Он сел снова за сто л, глотнул кофе и через плечо крикнул куда-то в третью комнату:

— Маша! Иди сюда, подогрей кофе, да вот на своего писаку полюбуйся. Это жена моя, — с неожиданно доброй улыбкой сказал он, — она твои книги читала, говорит — талантливый, хороший писатель.

Я вот потому тебя и вызвал, думал, ты хвастун, зазнайка какой, а ты ничего, скромный.

В комнату вошла молодая, лет тридцати женщина с простым приветливым, лицом.

— Познакомьтесь, вот он, твой Радин, — чуть насмешливо, но мягко сказал начальник лагеря.

— Здравствуйте, — подавая руку смутившемуся от неожиданности Радину, сказала она. — Я Мария Ивановна, жена Ивана Васильевича. Вы не придавайте значения его брани, это… — она махнула рукой, — по положению.

— Но, но, Маша, не порть его, а то из-за твоих слов как бы в карцер не угодил.

Радин неподвижно стоял, ожидая чего угодно, — и доброго, и дурного.

— Так вот что, я вызвал тебя для проверки, но раз ты и медик, и писатель — твое счастье. Убедил ты меня. Валяй, будь и тем, и другим, только вот что… Скажи ему сама, Маша, — обратился он к жене.

— Дело в том, что у меня здесь большая библиотека, тысяча с чем-то томов…

— Она любительница книг, все время читает да деньги на них тратит, — не без самодовольства сказал начальник.

— …а порядка нет; их бы надо тематически объединить, переписать и уложить на полках по алфавиту и темам…

— Во, во… по темам, — поддакнул муж.

— Времени у меня, да и знаний для этого нет, вот если б вы, товарищ писатель, согласились привести библиотеку в порядок…

— Согласились… — недовольно повторил «Иван Грозный». — С завтрашнего утра за дело, и все!
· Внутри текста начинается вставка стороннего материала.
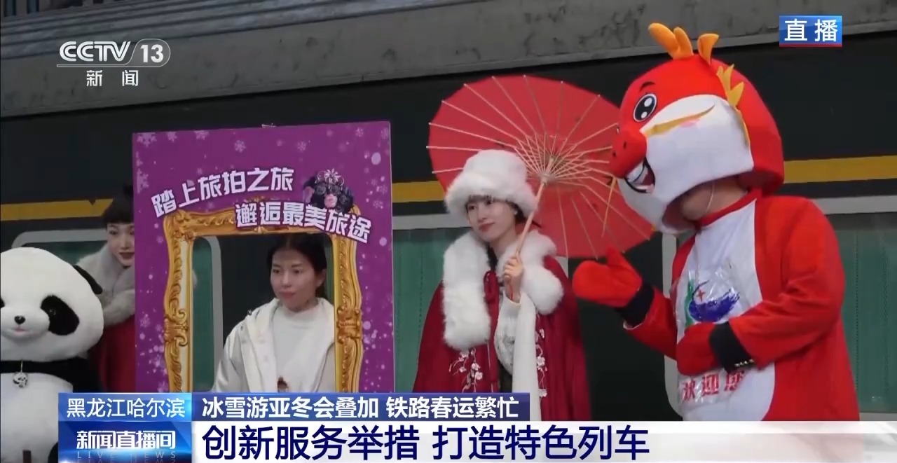 在春運期間,鐵路部門還打造了特色主題列車,比如現(xiàn)在已經(jīng)開通的“旅拍列車”。車上設置了哈爾濱街景、民俗文化、冰雪奇遇等主題場景,車上還有化妝間、更衣室,可以為旅客提供多種風格的旅拍服飾,旅客可以通過手機小程序進行預約。拍攝人員也是由愛好攝影的鐵路職工組成的旅拍團隊,大家都是利用業(yè)余時間為旅客免費提供服務。

Понятно? — обернувшись к Радину, строго сказал он.

— Понятно. Я с радостью возьмусь за это.

— Молчи, тебя не спрашивают, с радостью или как… Делай дело, и все, понятно? — и не дожидаясь ответа, он продолжал: — Ну, а раз ты еще и медик, так мешать тебе в этом не буду. Сделаем так: с десяти до четырех работай здесь, укладывай книги; наводи порядок, а с шести и до десяти — в околодке, лечи, а то и калечь арестантов, — засмеялся начальник. — Я отдам сейчас приказ, и с утра приступай к делу.

— Слушаюсь! — радостно выкрикнул Радин.

Он ждал, что его сейчас же уведут обратно, но Мария Ивановна отвела в угол мужа и что-то тихо сказала ему.

— Не положено, Маша, знаешь ведь, как обернуться может, — стал отговаривать жену начальник, но она настаивала на своем и он, махнув рукой, сказал: — Ну ладно, разве вас переговорить…

— Вот что, писатель, Маша — душевный человек, ей бы не в лагере начальницей быть, а в детской больнице няней… Я вот сейчас допью кофе, и уйду, ты тоже попей, небось, давно настоящего не пил, а Маша о-о, какая мастерица кофе варить… Выпей, а через пятнадцать минут я зайду и отправлю тебя обратно в околодок. Только ежели жалеешь себя и хочешь добра и себе и нам — ни-че-го про кофе, про разные там булки-мулки, ни-ко-му не говори, почему, сам знаешь….

— Спасибо… да я не хочу кофе…

— А я тебя не спрашиваю, хочешь или нет, пей, ешь, да помни, что я тебе сказал, — уходя, повторил начальник лагеря.

— Вы ешьте, прошу вас, — придвигая к Радину тарелку с пирожками и булочками, сказала Мария Ивановна, — позвольте, я налью вам еще стакан, — предложила она, когда спеша и обжигаясь, Радин быстро выхлебал свой кофе.

— Благодарю, я больше… — начал было он.

— Пейте, товарищ Радин, и не спешите. Иван Васильевич совсем не такой грозный и страшный человек, каким ему хочется казаться, — она вздохнула. — Вам с молоком?

— Если можно, черный и без сахара, — растерянно ответил Радин.

— Пожалуйста, я сама люблю черный да горячий крепкий кофе. Пожалуйста, — придвигая к нему стакан и пирожки, ответила она. — Нравы здесь такие… Но прошу вас, в дальнейшем не перечьте ему ни в чем. Он любит иногда вести беседы на всякие темы… Лучше молчите или соглашайтесь с ним.

Спустя несколько минут пришел и сам Темляков.

— Готов? — казенным голосом спросил он.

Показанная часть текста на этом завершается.